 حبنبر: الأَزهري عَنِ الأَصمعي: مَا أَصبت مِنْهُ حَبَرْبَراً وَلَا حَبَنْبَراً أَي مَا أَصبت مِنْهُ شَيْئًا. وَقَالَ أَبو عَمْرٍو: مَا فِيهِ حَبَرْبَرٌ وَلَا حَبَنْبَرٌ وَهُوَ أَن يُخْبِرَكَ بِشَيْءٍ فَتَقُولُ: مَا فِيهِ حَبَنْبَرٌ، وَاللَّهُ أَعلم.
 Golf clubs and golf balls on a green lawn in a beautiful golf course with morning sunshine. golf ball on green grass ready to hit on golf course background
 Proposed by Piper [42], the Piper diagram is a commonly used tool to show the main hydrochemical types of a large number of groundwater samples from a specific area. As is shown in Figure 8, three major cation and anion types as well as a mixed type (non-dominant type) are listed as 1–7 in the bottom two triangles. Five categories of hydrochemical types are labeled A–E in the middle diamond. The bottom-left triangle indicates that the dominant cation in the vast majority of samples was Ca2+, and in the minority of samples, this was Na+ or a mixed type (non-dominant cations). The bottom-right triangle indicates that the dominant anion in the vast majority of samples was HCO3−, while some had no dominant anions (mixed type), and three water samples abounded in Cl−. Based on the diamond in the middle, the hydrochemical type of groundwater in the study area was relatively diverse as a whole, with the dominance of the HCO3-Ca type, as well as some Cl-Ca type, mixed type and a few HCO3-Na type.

══════

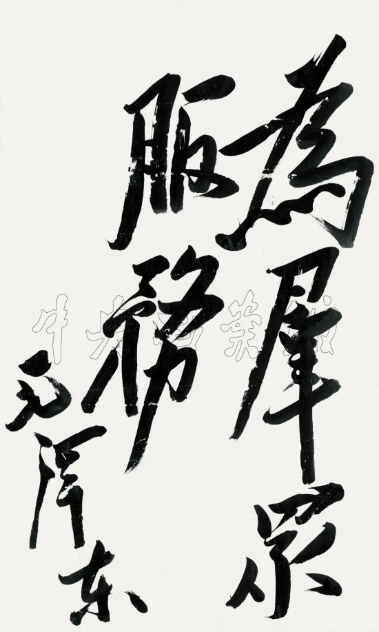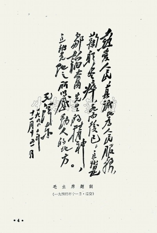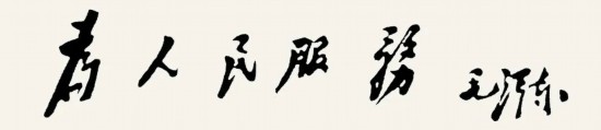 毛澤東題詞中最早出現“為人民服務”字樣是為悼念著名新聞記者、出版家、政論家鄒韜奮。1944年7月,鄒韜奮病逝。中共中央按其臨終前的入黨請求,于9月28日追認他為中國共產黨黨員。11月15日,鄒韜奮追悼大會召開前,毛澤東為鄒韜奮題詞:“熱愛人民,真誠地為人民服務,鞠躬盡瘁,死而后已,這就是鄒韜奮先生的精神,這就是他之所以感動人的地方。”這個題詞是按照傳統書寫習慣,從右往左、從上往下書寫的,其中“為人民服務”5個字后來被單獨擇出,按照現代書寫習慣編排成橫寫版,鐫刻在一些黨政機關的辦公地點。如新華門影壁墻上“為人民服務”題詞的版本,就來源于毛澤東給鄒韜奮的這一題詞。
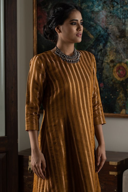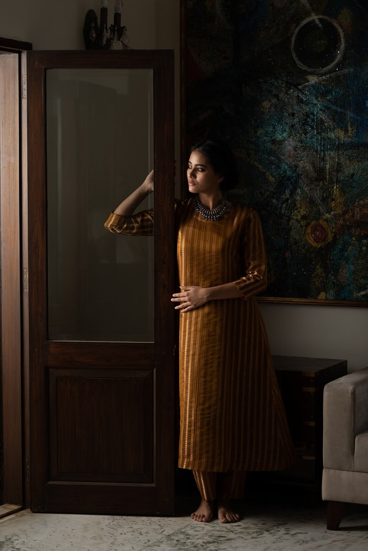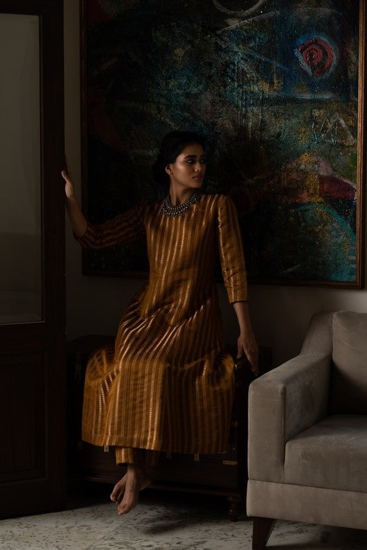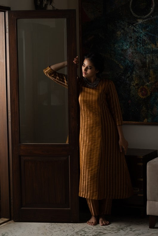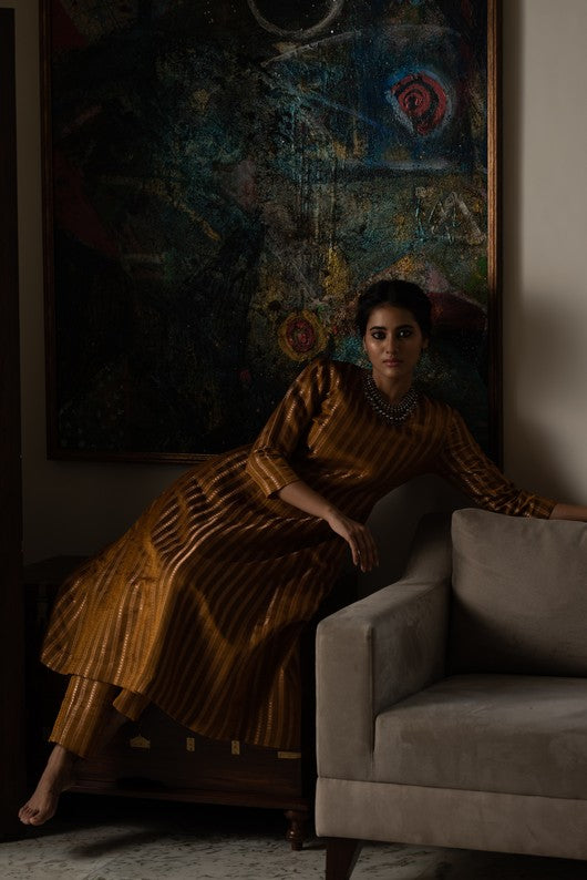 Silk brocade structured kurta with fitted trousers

══════

→ **What the exercise asks**:
Give back exactly the lines of the listing above that run from the line with "حبنبر: الأَزهري عَنِ" to the line with "Golf clubs and", inclusive.

→ **Task result**:
 حبنبر: الأَزهري عَنِ الأَصمعي: مَا أَصبت مِنْهُ حَبَرْبَراً وَلَا حَبَنْبَراً أَي مَا أَصبت مِنْهُ شَيْئًا. وَقَالَ أَبو عَمْرٍو: مَا فِيهِ حَبَرْبَرٌ وَلَا حَبَنْبَرٌ وَهُوَ أَن يُخْبِرَكَ بِشَيْءٍ فَتَقُولُ: مَا فِيهِ حَبَنْبَرٌ، وَاللَّهُ أَعلم.
 Golf clubs and golf balls on a green lawn in a beautiful golf course with morning sunshine. golf ball on green grass ready to hit on golf course background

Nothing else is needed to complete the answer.